[Items from a dataset]
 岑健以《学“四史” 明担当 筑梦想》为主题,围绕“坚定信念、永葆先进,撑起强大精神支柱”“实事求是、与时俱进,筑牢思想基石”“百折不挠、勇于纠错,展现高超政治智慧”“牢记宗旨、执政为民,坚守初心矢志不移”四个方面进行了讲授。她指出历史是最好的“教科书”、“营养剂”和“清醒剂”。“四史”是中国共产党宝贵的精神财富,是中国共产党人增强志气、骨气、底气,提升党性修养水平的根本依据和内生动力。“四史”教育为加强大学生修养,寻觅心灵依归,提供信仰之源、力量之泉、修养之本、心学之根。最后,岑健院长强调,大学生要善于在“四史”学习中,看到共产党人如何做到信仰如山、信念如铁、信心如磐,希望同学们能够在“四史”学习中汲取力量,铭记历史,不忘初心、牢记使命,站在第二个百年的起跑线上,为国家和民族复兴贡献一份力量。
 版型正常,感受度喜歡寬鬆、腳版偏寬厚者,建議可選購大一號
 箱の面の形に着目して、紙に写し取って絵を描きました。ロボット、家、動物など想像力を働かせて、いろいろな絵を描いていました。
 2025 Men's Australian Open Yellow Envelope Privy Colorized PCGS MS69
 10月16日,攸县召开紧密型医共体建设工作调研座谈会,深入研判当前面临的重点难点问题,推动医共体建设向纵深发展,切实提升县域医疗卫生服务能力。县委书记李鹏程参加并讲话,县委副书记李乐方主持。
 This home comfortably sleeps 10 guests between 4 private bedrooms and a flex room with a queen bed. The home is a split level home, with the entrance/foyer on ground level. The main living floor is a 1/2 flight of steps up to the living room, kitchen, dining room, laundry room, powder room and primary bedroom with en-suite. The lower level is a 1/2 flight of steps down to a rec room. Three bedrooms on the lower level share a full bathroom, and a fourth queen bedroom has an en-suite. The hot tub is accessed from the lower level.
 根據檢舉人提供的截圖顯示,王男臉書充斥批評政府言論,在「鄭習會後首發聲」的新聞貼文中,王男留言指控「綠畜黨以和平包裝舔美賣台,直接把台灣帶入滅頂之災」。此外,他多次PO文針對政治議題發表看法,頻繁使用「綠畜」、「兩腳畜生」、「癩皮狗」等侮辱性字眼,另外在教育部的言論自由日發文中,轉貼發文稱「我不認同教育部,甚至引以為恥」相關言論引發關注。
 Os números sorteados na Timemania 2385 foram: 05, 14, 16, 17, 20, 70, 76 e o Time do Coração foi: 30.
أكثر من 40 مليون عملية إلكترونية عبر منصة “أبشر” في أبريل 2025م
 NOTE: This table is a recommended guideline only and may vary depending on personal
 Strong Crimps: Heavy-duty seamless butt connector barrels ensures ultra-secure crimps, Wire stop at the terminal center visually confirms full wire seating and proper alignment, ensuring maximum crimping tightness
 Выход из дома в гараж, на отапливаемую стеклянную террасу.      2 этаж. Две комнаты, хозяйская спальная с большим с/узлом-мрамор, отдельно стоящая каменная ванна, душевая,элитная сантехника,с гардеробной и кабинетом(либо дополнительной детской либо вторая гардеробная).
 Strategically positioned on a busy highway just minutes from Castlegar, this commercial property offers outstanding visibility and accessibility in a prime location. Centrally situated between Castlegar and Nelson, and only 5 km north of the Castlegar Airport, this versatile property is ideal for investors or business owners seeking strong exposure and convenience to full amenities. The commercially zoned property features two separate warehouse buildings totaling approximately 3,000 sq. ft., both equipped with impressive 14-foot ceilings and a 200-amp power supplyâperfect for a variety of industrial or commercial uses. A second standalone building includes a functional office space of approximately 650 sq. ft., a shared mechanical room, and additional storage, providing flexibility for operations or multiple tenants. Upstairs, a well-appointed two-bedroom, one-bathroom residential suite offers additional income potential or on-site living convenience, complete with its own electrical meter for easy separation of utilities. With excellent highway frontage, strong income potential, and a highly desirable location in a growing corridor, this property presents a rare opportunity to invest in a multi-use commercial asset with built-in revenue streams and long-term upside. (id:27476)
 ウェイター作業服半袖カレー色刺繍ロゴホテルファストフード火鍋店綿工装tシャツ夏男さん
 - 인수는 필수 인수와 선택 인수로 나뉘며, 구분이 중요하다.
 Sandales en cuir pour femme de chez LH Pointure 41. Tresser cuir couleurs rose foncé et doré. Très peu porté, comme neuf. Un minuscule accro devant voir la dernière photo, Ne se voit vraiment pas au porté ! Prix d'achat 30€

Prompt >> Please give back the entries above, unchanged and complete.

Solution to the exercise >>
 岑健以《学“四史” 明担当 筑梦想》为主题,围绕“坚定信念、永葆先进,撑起强大精神支柱”“实事求是、与时俱进,筑牢思想基石”“百折不挠、勇于纠错,展现高超政治智慧”“牢记宗旨、执政为民,坚守初心矢志不移”四个方面进行了讲授。她指出历史是最好的“教科书”、“营养剂”和“清醒剂”。“四史”是中国共产党宝贵的精神财富,是中国共产党人增强志气、骨气、底气,提升党性修养水平的根本依据和内生动力。“四史”教育为加强大学生修养,寻觅心灵依归,提供信仰之源、力量之泉、修养之本、心学之根。最后,岑健院长强调,大学生要善于在“四史”学习中,看到共产党人如何做到信仰如山、信念如铁、信心如磐,希望同学们能够在“四史”学习中汲取力量,铭记历史,不忘初心、牢记使命,站在第二个百年的起跑线上,为国家和民族复兴贡献一份力量。
 版型正常,感受度喜歡寬鬆、腳版偏寬厚者,建議可選購大一號
 箱の面の形に着目して、紙に写し取って絵を描きました。ロボット、家、動物など想像力を働かせて、いろいろな絵を描いていました。
 2025 Men's Australian Open Yellow Envelope Privy Colorized PCGS MS69
 10月16日,攸县召开紧密型医共体建设工作调研座谈会,深入研判当前面临的重点难点问题,推动医共体建设向纵深发展,切实提升县域医疗卫生服务能力。县委书记李鹏程参加并讲话,县委副书记李乐方主持。
 This home comfortably sleeps 10 guests between 4 private bedrooms and a flex room with a queen bed. The home is a split level home, with the entrance/foyer on ground level. The main living floor is a 1/2 flight of steps up to the living room, kitchen, dining room, laundry room, powder room and primary bedroom with en-suite. The lower level is a 1/2 flight of steps down to a rec room. Three bedrooms on the lower level share a full bathroom, and a fourth queen bedroom has an en-suite. The hot tub is accessed from the lower level.
 根據檢舉人提供的截圖顯示,王男臉書充斥批評政府言論,在「鄭習會後首發聲」的新聞貼文中,王男留言指控「綠畜黨以和平包裝舔美賣台,直接把台灣帶入滅頂之災」。此外,他多次PO文針對政治議題發表看法,頻繁使用「綠畜」、「兩腳畜生」、「癩皮狗」等侮辱性字眼,另外在教育部的言論自由日發文中,轉貼發文稱「我不認同教育部,甚至引以為恥」相關言論引發關注。
 Os números sorteados na Timemania 2385 foram: 05, 14, 16, 17, 20, 70, 76 e o Time do Coração foi: 30.
أكثر من 40 مليون عملية إلكترونية عبر منصة “أبشر” في أبريل 2025م
 NOTE: This table is a recommended guideline only and may vary depending on personal
 Strong Crimps: Heavy-duty seamless butt connector barrels ensures ultra-secure crimps, Wire stop at the terminal center visually confirms full wire seating and proper alignment, ensuring maximum crimping tightness
 Выход из дома в гараж, на отапливаемую стеклянную террасу.      2 этаж. Две комнаты, хозяйская спальная с большим с/узлом-мрамор, отдельно стоящая каменная ванна, душевая,элитная сантехника,с гардеробной и кабинетом(либо дополнительной детской либо вторая гардеробная).
 Strategically positioned on a busy highway just minutes from Castlegar, this commercial property offers outstanding visibility and accessibility in a prime location. Centrally situated between Castlegar and Nelson, and only 5 km north of the Castlegar Airport, this versatile property is ideal for investors or business owners seeking strong exposure and convenience to full amenities. The commercially zoned property features two separate warehouse buildings totaling approximately 3,000 sq. ft., both equipped with impressive 14-foot ceilings and a 200-amp power supplyâperfect for a variety of industrial or commercial uses. A second standalone building includes a functional office space of approximately 650 sq. ft., a shared mechanical room, and additional storage, providing flexibility for operations or multiple tenants. Upstairs, a well-appointed two-bedroom, one-bathroom residential suite offers additional income potential or on-site living convenience, complete with its own electrical meter for easy separation of utilities. With excellent highway frontage, strong income potential, and a highly desirable location in a growing corridor, this property presents a rare opportunity to invest in a multi-use commercial asset with built-in revenue streams and long-term upside. (id:27476)
 ウェイター作業服半袖カレー色刺繍ロゴホテルファストフード火鍋店綿工装tシャツ夏男さん
 - 인수는 필수 인수와 선택 인수로 나뉘며, 구분이 중요하다.
 Sandales en cuir pour femme de chez LH Pointure 41. Tresser cuir couleurs rose foncé et doré. Très peu porté, comme neuf. Un minuscule accro devant voir la dernière photo, Ne se voit vraiment pas au porté ! Prix d'achat 30€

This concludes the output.